Some things the surgeon goes over, some the
Anesthesiologist. Sometimes it’s the day of procedure, sometimes several days before. Sometimes the Doctors don’t tell all the risk factors because statistically, many risk factors are minute. Sometimes we don’t listen to the risks due to just being concerned about any procedure.

Make a list of everything you want to ask the surgeon. If the surgeon starts talking in medical jargon, tell him you are not a surgeon and to speak plain, simple English. Question what he says. Tape record him…ok use your smart phone in voice memos. He might not allow it.

Have your daughter or someone else with you when you see the surgeon. At the very least take good notes. I hand my phone with my list of questions. The problem is when these highly educated folks don’t answer in full sentences, so I tend to get lost in where they’re at. I think next time I will not only give them my phone but have a notepad with the same exact questions so I can write their answer and clarify what I write. Some of the questions that come to mind for your husband’s surgeon - did he have an ischemic stroke, did the aneurysm rupture while you were repairing it, did he have a reaction to the contrast dye or the anesthesia …

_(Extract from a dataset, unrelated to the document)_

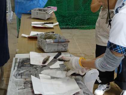 尊い命をいただきます 公開日 2023/09/24 更新日 2023/09/24 学校の様子 生き物をとらえて、調理し、自分の命をつなぐためにいただく。 保護者のかたも一緒に活動していただいたので、今日の夕食の時にでも話題にあげていただければと思います。

Something else to look at is his patient portal, the surgeon would have to give detailed documentation.

Sleeping in a hospital is near impossible. There are too many things going on - the Nursing staff, other patients, machines. Once on the step down unit, some patients got in a horrible fight. Security was called.

I was labeled a fall risk and wasn’t allowed to go to the bathroom in the step down unit. I could use a bedpan, not! I had to ring for someone then wait, and wait, and wait. I learned how to maneuver the obstacles they put in place and went anyhow. One RN was berating me, I asked how long he would wait to pee if he was on IV.

When I decided against doctor’s orders to walk in ICU, I stood up and couldn’t remember what to do with my feet and legs. My legs could barely support me. The doctors all told my family to have no expectations. They weren’t sure if I would wake up, remember family or anything else. They said that with the rupture there was so much damage, they were not sure. Everyone had to wait and see.

There are so many variables when it comes to brain surgery. Unfortunately, not enough is known yet about the brain. I realize it’s scary, frustrating and maddening. Hang in there!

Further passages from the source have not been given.